## YOUR OBJECTIVE
Pictures are to be left out. Return exactly the lines below from the one with "h. Pulaski marble" up to and including the one with "Vendo cochecito Uppababy".

## SUPPLIED MATERIAL
▬▬▬▬▬▬▬▬▬▬
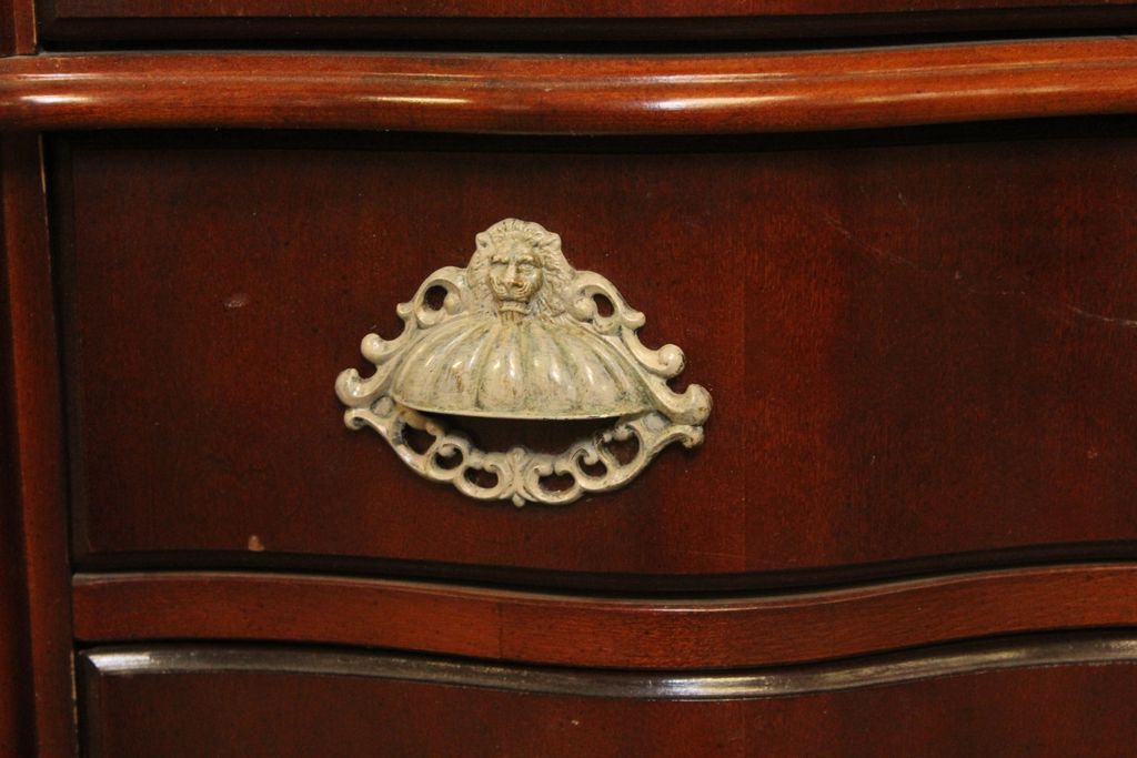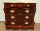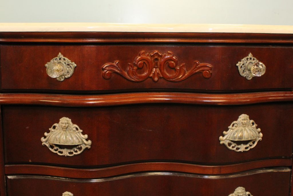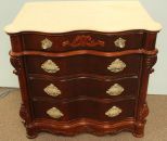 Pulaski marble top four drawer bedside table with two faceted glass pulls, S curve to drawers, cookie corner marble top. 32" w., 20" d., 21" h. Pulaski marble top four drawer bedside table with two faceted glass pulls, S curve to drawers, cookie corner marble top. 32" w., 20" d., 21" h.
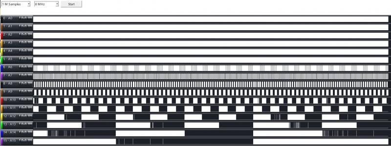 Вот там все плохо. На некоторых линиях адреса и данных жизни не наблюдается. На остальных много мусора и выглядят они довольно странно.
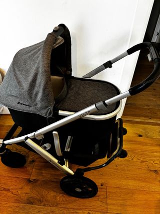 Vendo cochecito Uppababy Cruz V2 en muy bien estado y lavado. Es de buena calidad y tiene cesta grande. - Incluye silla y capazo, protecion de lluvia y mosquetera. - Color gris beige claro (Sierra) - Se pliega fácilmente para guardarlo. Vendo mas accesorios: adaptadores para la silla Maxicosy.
▬▬▬▬▬▬▬▬▬▬
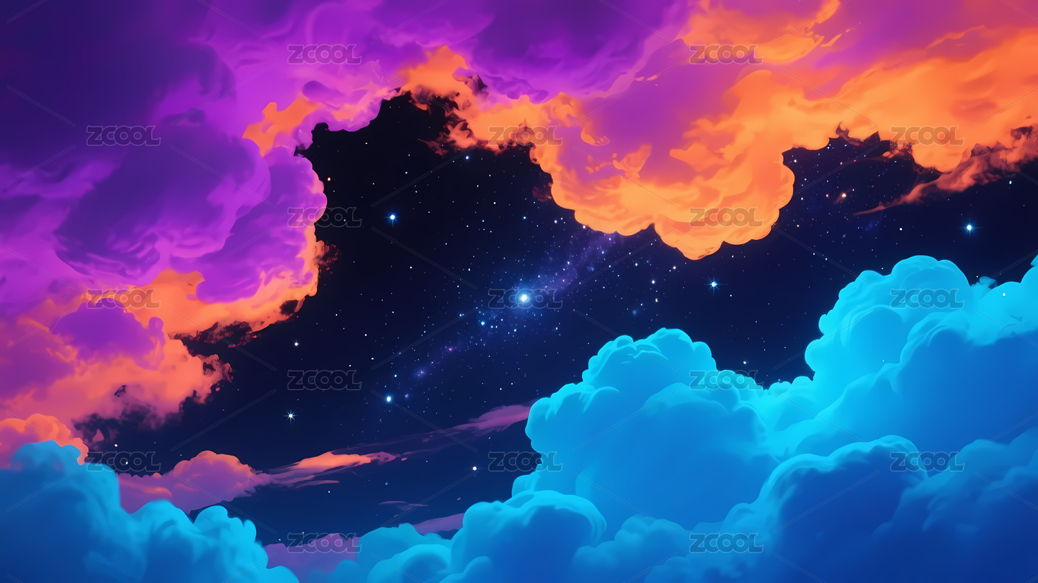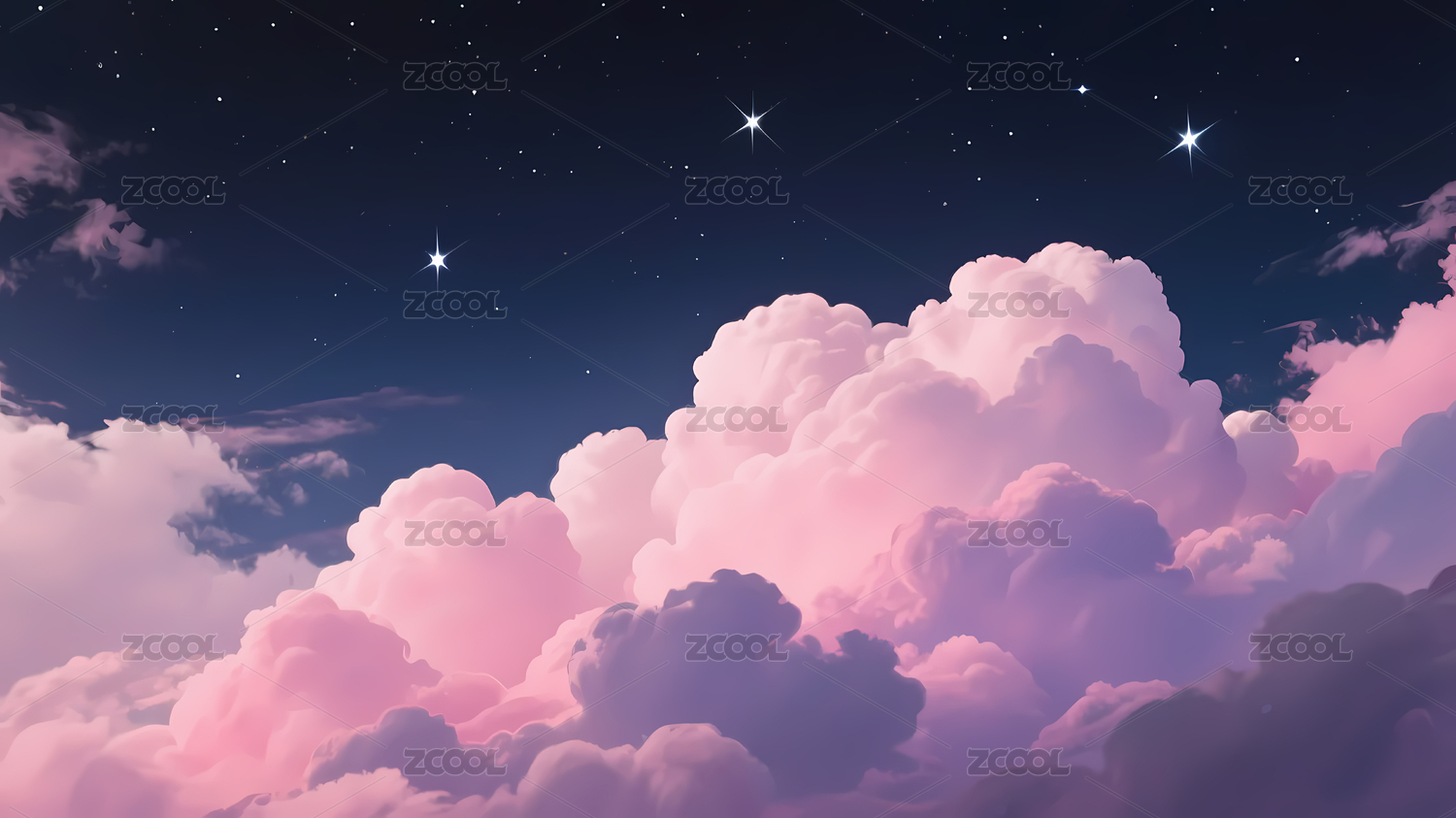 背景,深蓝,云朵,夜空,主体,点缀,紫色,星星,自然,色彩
▬▬▬▬▬▬▬▬▬▬
## SOLUTION FOR THIS TASK
 Pulaski marble top four drawer bedside table with two faceted glass pulls, S curve to drawers, cookie corner marble top. 32" w., 20" d., 21" h. Pulaski marble top four drawer bedside table with two faceted glass pulls, S curve to drawers, cookie corner marble top. 32" w., 20" d., 21" h.
 Вот там все плохо. На некоторых линиях адреса и данных жизни не наблюдается. На остальных много мусора и выглядят они довольно странно.
 Vendo cochecito Uppababy Cruz V2 en muy bien estado y lavado. Es de buena calidad y tiene cesta grande. - Incluye silla y capazo, protecion de lluvia y mosquetera. - Color gris beige claro (Sierra) - Se pliega fácilmente para guardarlo. Vendo mas accesorios: adaptadores para la silla Maxicosy.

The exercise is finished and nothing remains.